* What the task requires: Omit any picture, and return the remaining data exactly as written.

* Data below:
• • •

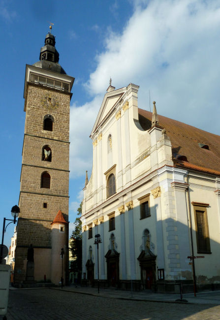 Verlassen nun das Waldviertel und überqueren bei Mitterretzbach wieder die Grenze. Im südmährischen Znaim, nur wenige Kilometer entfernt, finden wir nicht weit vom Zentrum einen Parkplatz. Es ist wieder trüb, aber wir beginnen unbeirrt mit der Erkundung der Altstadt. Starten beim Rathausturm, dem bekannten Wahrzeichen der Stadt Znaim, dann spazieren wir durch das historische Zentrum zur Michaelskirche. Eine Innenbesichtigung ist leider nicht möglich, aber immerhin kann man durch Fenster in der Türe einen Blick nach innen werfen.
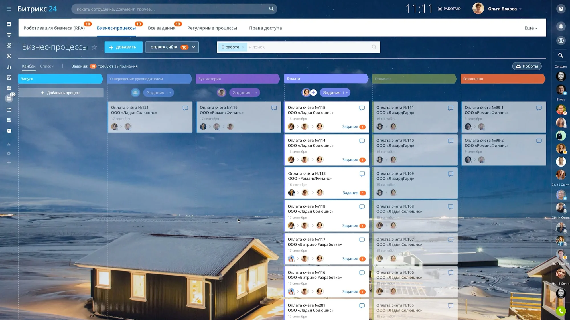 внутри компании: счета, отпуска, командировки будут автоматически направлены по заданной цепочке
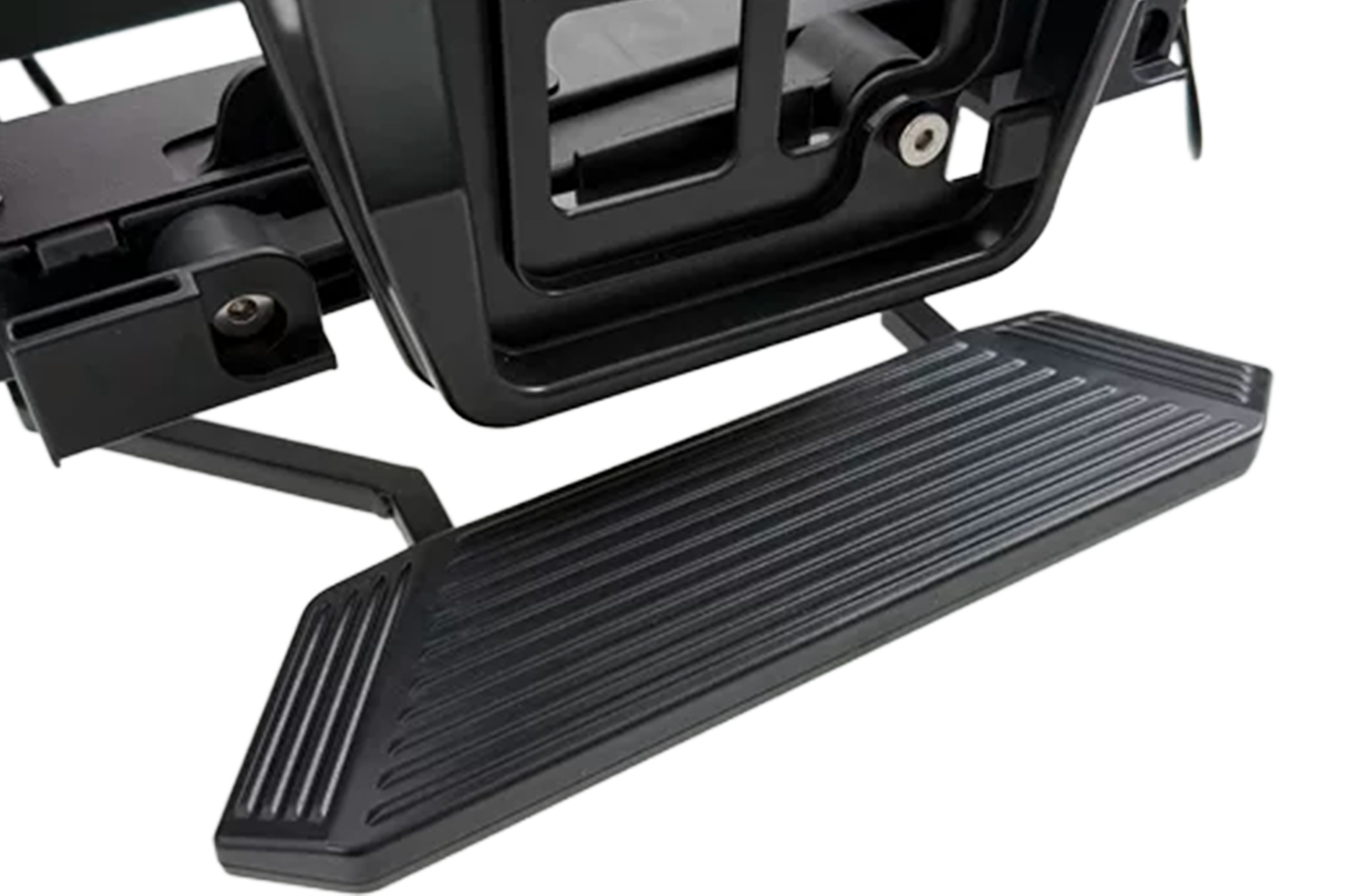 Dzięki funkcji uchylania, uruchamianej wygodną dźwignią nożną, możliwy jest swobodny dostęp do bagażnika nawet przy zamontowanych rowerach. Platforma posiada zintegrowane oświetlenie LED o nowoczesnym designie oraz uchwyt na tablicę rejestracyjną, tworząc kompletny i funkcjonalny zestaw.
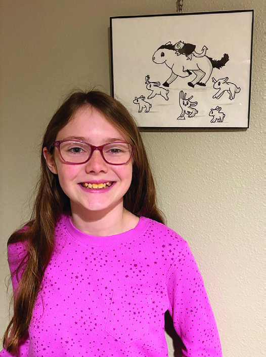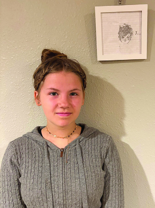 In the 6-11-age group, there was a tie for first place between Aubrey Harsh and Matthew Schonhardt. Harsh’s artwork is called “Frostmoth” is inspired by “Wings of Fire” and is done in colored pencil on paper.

• • •

* Answer space:
 Verlassen nun das Waldviertel und überqueren bei Mitterretzbach wieder die Grenze. Im südmährischen Znaim, nur wenige Kilometer entfernt, finden wir nicht weit vom Zentrum einen Parkplatz. Es ist wieder trüb, aber wir beginnen unbeirrt mit der Erkundung der Altstadt. Starten beim Rathausturm, dem bekannten Wahrzeichen der Stadt Znaim, dann spazieren wir durch das historische Zentrum zur Michaelskirche. Eine Innenbesichtigung ist leider nicht möglich, aber immerhin kann man durch Fenster in der Türe einen Blick nach innen werfen.
 внутри компании: счета, отпуска, командировки будут автоматически направлены по заданной цепочке
 Dzięki funkcji uchylania, uruchamianej wygodną dźwignią nożną, możliwy jest swobodny dostęp do bagażnika nawet przy zamontowanych rowerach. Platforma posiada zintegrowane oświetlenie LED o nowoczesnym designie oraz uchwyt na tablicę rejestracyjną, tworząc kompletny i funkcjonalny zestaw.
 In the 6-11-age group, there was a tie for first place between Aubrey Harsh and Matthew Schonhardt. Harsh’s artwork is called “Frostmoth” is inspired by “Wings of Fire” and is done in colored pencil on paper.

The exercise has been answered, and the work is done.